The proven success of DOTS for tuberculosis patients can have its mirror-image for tobacco cessation. Brief advice, accompanied by NRT and/or pharmacotherapy, should be considered as the first line of treatment for tobacco cessation. This would be possible only with adequate training to healthcare professionals across various levels including primary care doctors a DOTS centre staff and secondary or tertiary level of specialists such as psychiatrists and general physicians. Refresher training courses on tobacco cessation are needed on a regular basis for healthcare professionals. The training should also focus on motivating government as well as private sectors to record the use of tobacco products for all patients and offer appropriate and comprehensive support for quitting tobacco.


The journey from tobacco use to the prompt self-reporting of tobacco use, to intention to quit, to seeking appropriate intervention for cessation, and to finally quit smoking seems to have a long hiatus between every pitstop. This leakage in the efficiency of tobacco cessation is impacting outcomes of tuberculosis treatments in terms of higher default rates, poor microbiological conversion, and finally, higher case fatality rates among tuberculosis patients who are also tobacco users. The connection of these widely gapped dots could be a key to achieving the goals of tuberculosis elimination in India by 2025.

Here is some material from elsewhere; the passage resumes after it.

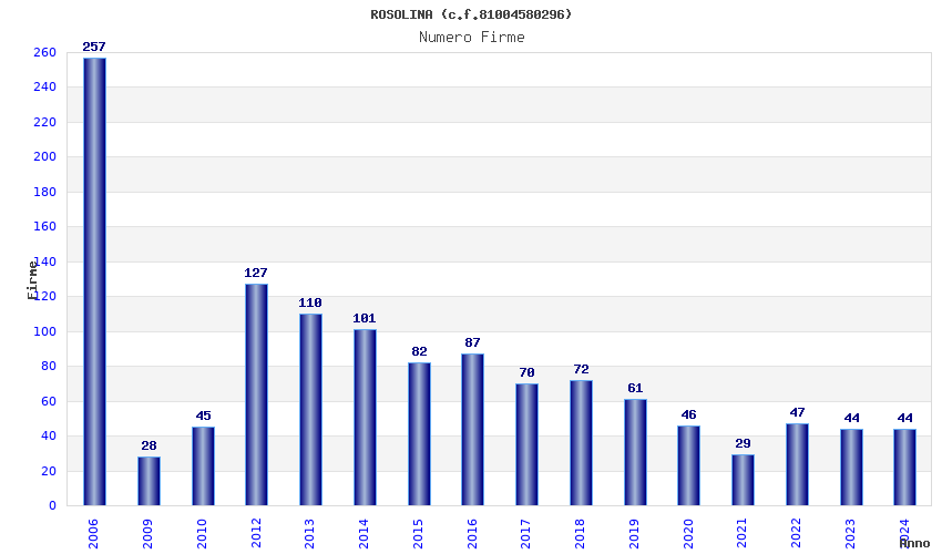 | Anno | Firme | Importi | Media | Naz. | Reg. | Prov. | Comu. |

Since these two public health problems are under the ambit of their respective national health programmes, a coordinated effort is essential in all the components of the programme deliverables such as training of healthcare personnel on tobacco cessation, use of effective and appropriate technology for tobacco cessation, robust data monitoring, making tobacco cessation medications accessible and affordable, providing behavioural support appropriate for each tobacco user and audits conducted to monitor the effectiveness of these interventions. Designing an effective tobacco cessation programme for tuberculosis patients is the need of the hour in India. These initiatives shall pave the way for effective tobacco cessation interventions that enable improved quit rates among TB patients leading to better TB treatment as well as overall health outcomes.